_Dataset entries_:
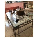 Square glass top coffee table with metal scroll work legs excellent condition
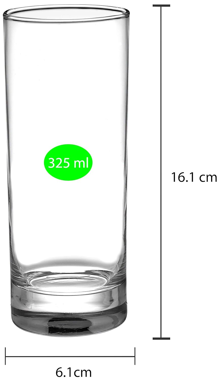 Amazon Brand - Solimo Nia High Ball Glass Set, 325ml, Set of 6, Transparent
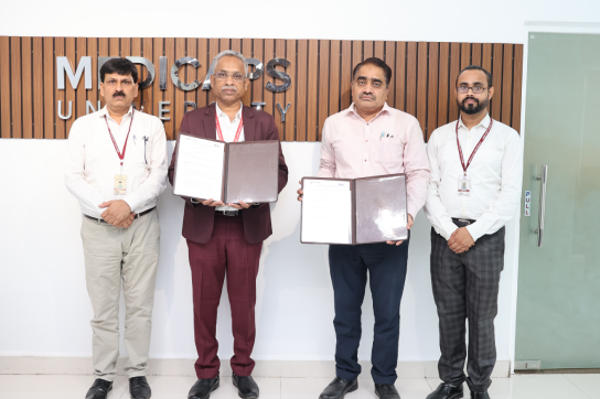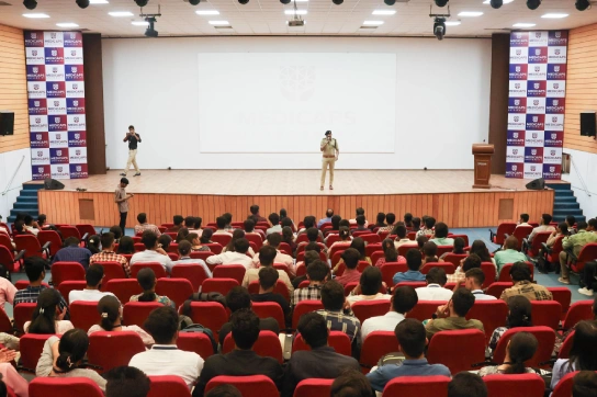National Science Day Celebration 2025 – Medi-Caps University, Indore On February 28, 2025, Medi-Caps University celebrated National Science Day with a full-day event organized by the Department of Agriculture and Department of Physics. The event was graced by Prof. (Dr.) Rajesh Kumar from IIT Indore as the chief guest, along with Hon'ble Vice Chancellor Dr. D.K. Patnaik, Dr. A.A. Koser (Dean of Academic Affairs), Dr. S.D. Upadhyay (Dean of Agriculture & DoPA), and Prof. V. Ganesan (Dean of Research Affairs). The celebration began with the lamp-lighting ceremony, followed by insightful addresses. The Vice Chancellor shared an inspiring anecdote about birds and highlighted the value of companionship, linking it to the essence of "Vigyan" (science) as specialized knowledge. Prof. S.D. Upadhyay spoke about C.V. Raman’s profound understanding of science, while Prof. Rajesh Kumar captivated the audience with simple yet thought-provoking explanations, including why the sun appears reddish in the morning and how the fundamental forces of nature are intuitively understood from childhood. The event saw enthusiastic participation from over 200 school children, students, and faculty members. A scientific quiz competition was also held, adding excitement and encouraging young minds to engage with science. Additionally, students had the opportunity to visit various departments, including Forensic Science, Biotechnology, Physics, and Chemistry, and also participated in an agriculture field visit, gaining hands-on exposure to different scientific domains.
---
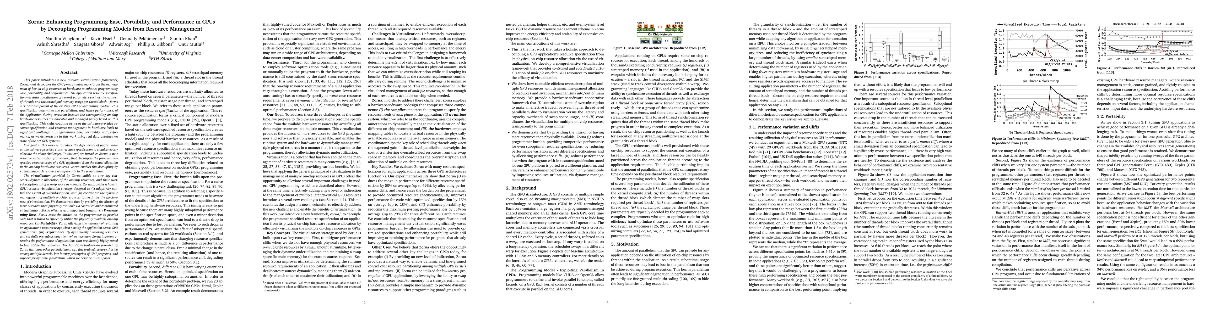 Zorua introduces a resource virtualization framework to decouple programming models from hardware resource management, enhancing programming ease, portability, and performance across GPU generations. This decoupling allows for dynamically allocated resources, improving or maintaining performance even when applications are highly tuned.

_Prompt_:
Beginning with the line above that contains "Square glass top" and finishing with the line that contains "National Science Day Celebration", print those lines exactly and only. Skip all pictures.

_Completed task_:
 Square glass top coffee table with metal scroll work legs excellent condition
 Amazon Brand - Solimo Nia High Ball Glass Set, 325ml, Set of 6, Transparent
National Science Day Celebration 2025 – Medi-Caps University, Indore On February 28, 2025, Medi-Caps University celebrated National Science Day with a full-day event organized by the Department of Agriculture and Department of Physics. The event was graced by Prof. (Dr.) Rajesh Kumar from IIT Indore as the chief guest, along with Hon'ble Vice Chancellor Dr. D.K. Patnaik, Dr. A.A. Koser (Dean of Academic Affairs), Dr. S.D. Upadhyay (Dean of Agriculture & DoPA), and Prof. V. Ganesan (Dean of Research Affairs). The celebration began with the lamp-lighting ceremony, followed by insightful addresses. The Vice Chancellor shared an inspiring anecdote about birds and highlighted the value of companionship, linking it to the essence of "Vigyan" (science) as specialized knowledge. Prof. S.D. Upadhyay spoke about C.V. Raman’s profound understanding of science, while Prof. Rajesh Kumar captivated the audience with simple yet thought-provoking explanations, including why the sun appears reddish in the morning and how the fundamental forces of nature are intuitively understood from childhood. The event saw enthusiastic participation from over 200 school children, students, and faculty members. A scientific quiz competition was also held, adding excitement and encouraging young minds to engage with science. Additionally, students had the opportunity to visit various departments, including Forensic Science, Biotechnology, Physics, and Chemistry, and also participated in an agriculture field visit, gaining hands-on exposure to different scientific domains.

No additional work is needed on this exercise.